Who in their right mind decided that everyone who cared about that person would want to actually see them dead?

Or, for that matter, that the dead person would want to be seen??

YEEPS!

Now you know, there are many circumstances which result in death. So, sometimes, people may not look so good. But, they’re dead, so I think its asking a lot for them to look their best anyhow.

But, the undertaker actually gets a photo and tries to use make up and stuff to make a person look GOOD.

What what WHAT?!?

You’re dead. You no longer have to do your hair or make up or anything. But, tradition dictates that you’ve gotta be seen at one last viewing.

What the heck for?

Did you ever hear people comment as they look at the deceased, “Oh my, they look good!”

NO! No, they don’t look good, they are dead!

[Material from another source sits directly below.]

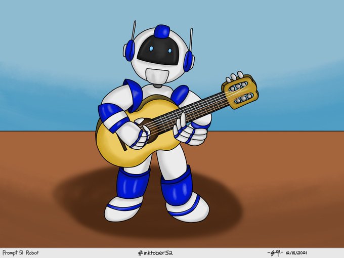 Prompt 51: Robot 🤖 “The Guitarist Bot” I can’t believe I did this again. Basically, this is about a robot that plays guitar in the room. (Dedicated to my fellow musician who’s a guitarist and a male singer-songwriter) #inktober #inktober2021 #inktober52 #inktober52robot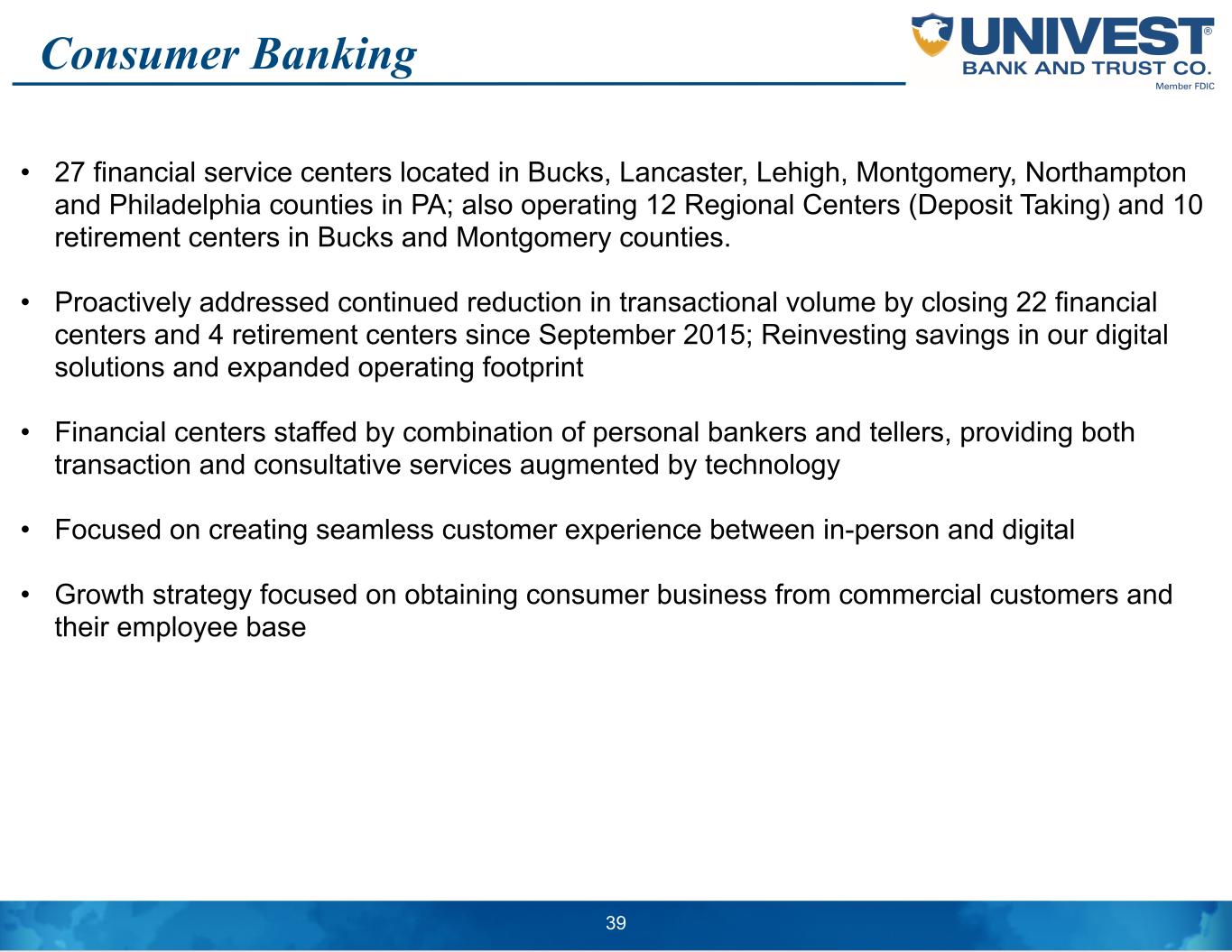Consumer Banking • 27 financial service centers located in Bucks, Lancaster, Lehigh, Montgomery, Northampton and Philadelphia counties in PA; also operating 12 Regional Centers (Deposit Taking) and 10 retirement centers in Bucks and Montgomery counties. • Proactively addressed continued reduction in transactional volume by closing 22 financial centers and 4 retirement centers since September 2015; Reinvesting savings in our digital solutions and expanded operating footprint • Financial centers staffed by combination of personal bankers and tellers, providing both transaction and consultative services augmented by technology • Focused on creating seamless customer experience between in-person and digital • Growth strategy focused on obtaining consumer business from commercial customers and their employee base 39

Come on!

I can’t stand the fact that there are usually 1-3 days to come and view a dead person.

I sure don’t want anyone looking at me. No thanks. That’s just rude!

I understand saying goodbye. But everyone knows that maybe, sometimes it happens that you’re number is up and you just gotta go. No time for goodbye.

That doesn’t mean you didn’t love someone or that they won’t be missed.

When people come to the viewing, it’s not like the viewee even had a say so of who gets invited!

That in itself is rude. You have no choice. And, since they’re  dead, they can’t say goodbye to you, and they really aren’t doing anything except laying there dead, with funky make up and wrongly combed hair, stiffly posed (yah, great pun there!) and probably not even in the outfit they’d want!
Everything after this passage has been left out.